Critical Analysis of Ernest Hemingway.
"He [Ernest Hemingway] wrote only about things he had experienced, mostly outdoors, as a doctor's son in northern Michigan and as a self-possessed young tramp in Europe" (Time Magazine). The experience I've had with Ernest Hemingway's writing is almost parallel to that of this writer. Ernest Hemingway wrote from personal experiences, the main characters of The Sun Also Rises, A Farewell To Arms, and For Whom The Bell Tolls can all be closely compared to the life Ernest Hemingway lead. Although I haven't read any about a doctor's son in Michigan, all three books I have read are about young American men in Europe.
Ernest Hemingway's experience with World War I was in the form of an ambulance driver in the Italian army. Frederick Henry was also an American ambulance driver in the Italian army. Some other similarities that aren't so specific are that Hemingway was wounded at the front lines, went to a hospital in Milan, and fell in love with a nurse just as Henry does in A Farewell To Arms. "I knew I was hit and leaned over and put my hand on my knee. My knee wasn't there. My hand went in and my knee was down on my shin" (55). Henry was hit by a trench mortar and one of his legs was wounded just as it happened to Hemingway.

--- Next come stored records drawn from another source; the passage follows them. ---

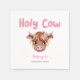 Cute cow theme girl's birthday party napkin featuring watercolor illustration of highland cow with pink flowers. The text says "holy cow."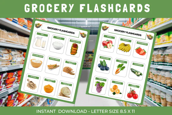 This set features a wide variety of common grocery store items, including fruits, vegetables, dairy products, snacks, and other familiar foods children see in daily life. Each card is designed with clear, colorful visuals and easy-to-read text, making the set perfect for hands-on learning and interactive classroom or home activities.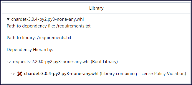 Library: Includes details of the library containing a license policy violation. It also includes the path to the dependency file and the path of the library. If the path is of a transitive dependency, then only the path information of the root library is displayed. This section also contains a commit link, which includes the path to the commit link where the license policy violation was found. NOTE: The originating branch of the license policy violation is also displayed in case the baseBranches configuration was used.
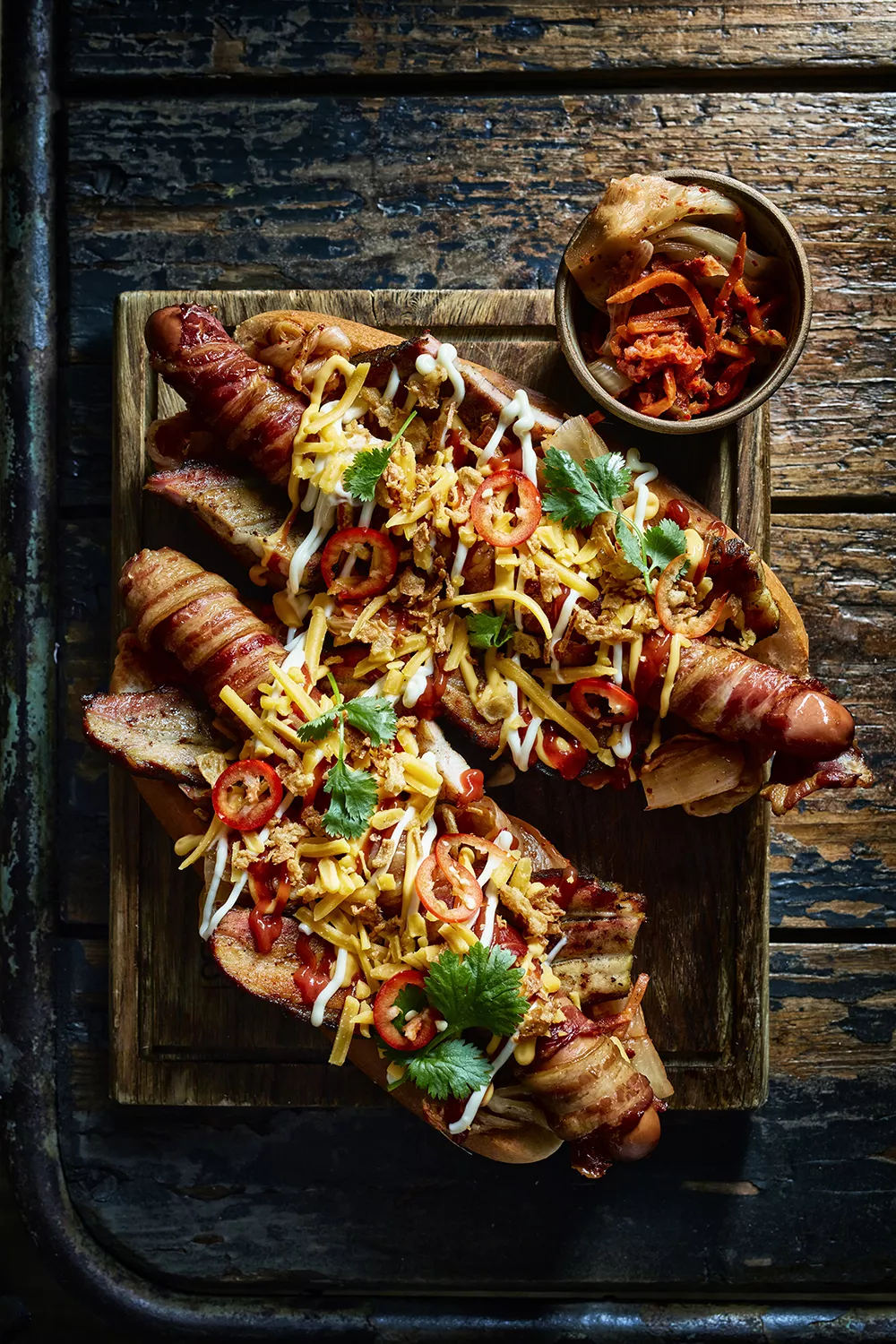 Verwarm de nacho cheese style dip in een pannetje. Snijd de hot dog buns open en toast ze eventueel kort op de warme BBQ. Leg op iedere bun wat kimchi en plakken gerookt buikspek. Leg de krokant uitgebakken bacondogs erbovenop en garneer met houtskoolketchup, limoenmayonaise, geraspte cheddar, gebakken uitjes, rode peperringen en wat koriander.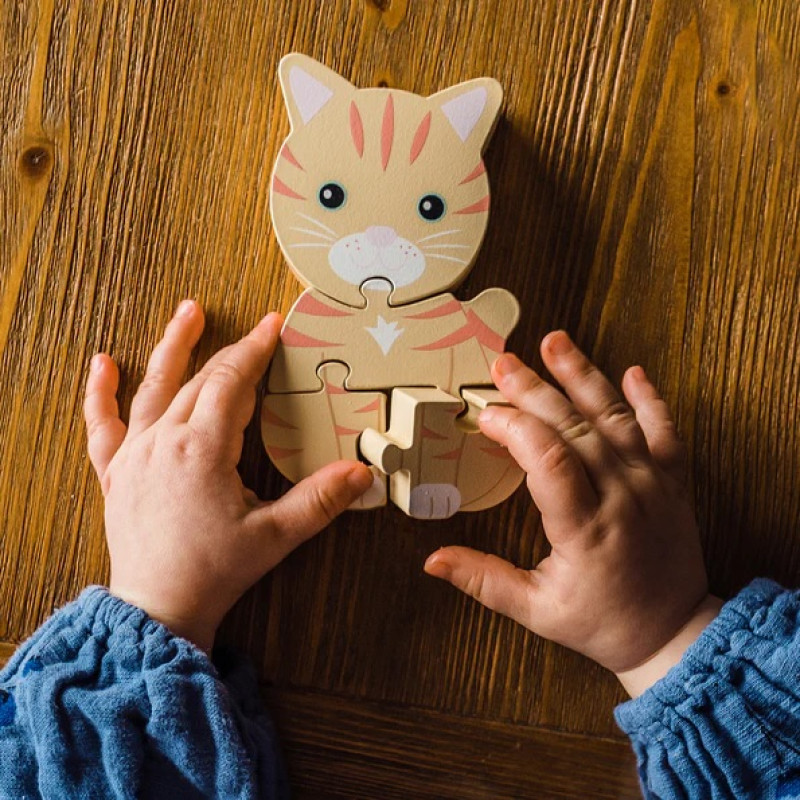 See suur puidust kassikujuline pusle sobib ideaalselt väikestele lastele. Pusle pakub rohkelt rõõmu selle kokkupanemisest.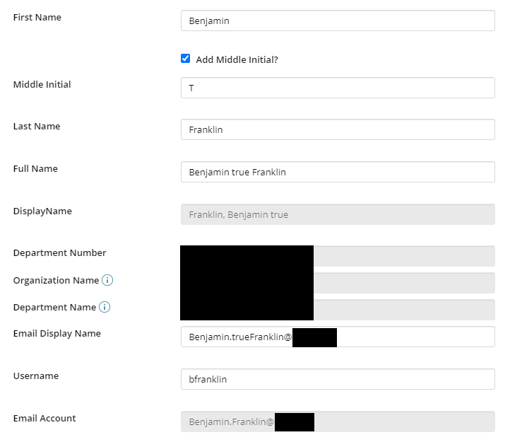 Something I've been wanting to do is create a "middle initial" field within my user creation template. I tried to create a checkbox that would target the "initials" variable and put a period before the single character, and a trailing whitespace afterward.

After World War I ended Hemingway moved to Paris. There his occupation was a writer. This is similar to his character Jake in The Sun Also Rises in many ways. Jake was an American who was in the Italian army during World War I. Jake was also injured iconic during the war, but his injury was not of the same nature as Hemingway's. Jake was also a reporter for a newspaper in Paris. "the Editor and the publisher and I worked hard," Jake commented about his work at the paper (12). Hemingway's personality was very much the same, he had, "a relentlessness that never ceased," for his work (www.cnn.com). .
The third character that relates to Hemingway is Robert Jordan, the main character in Hemingway's novel For Whom The Bell Tolls.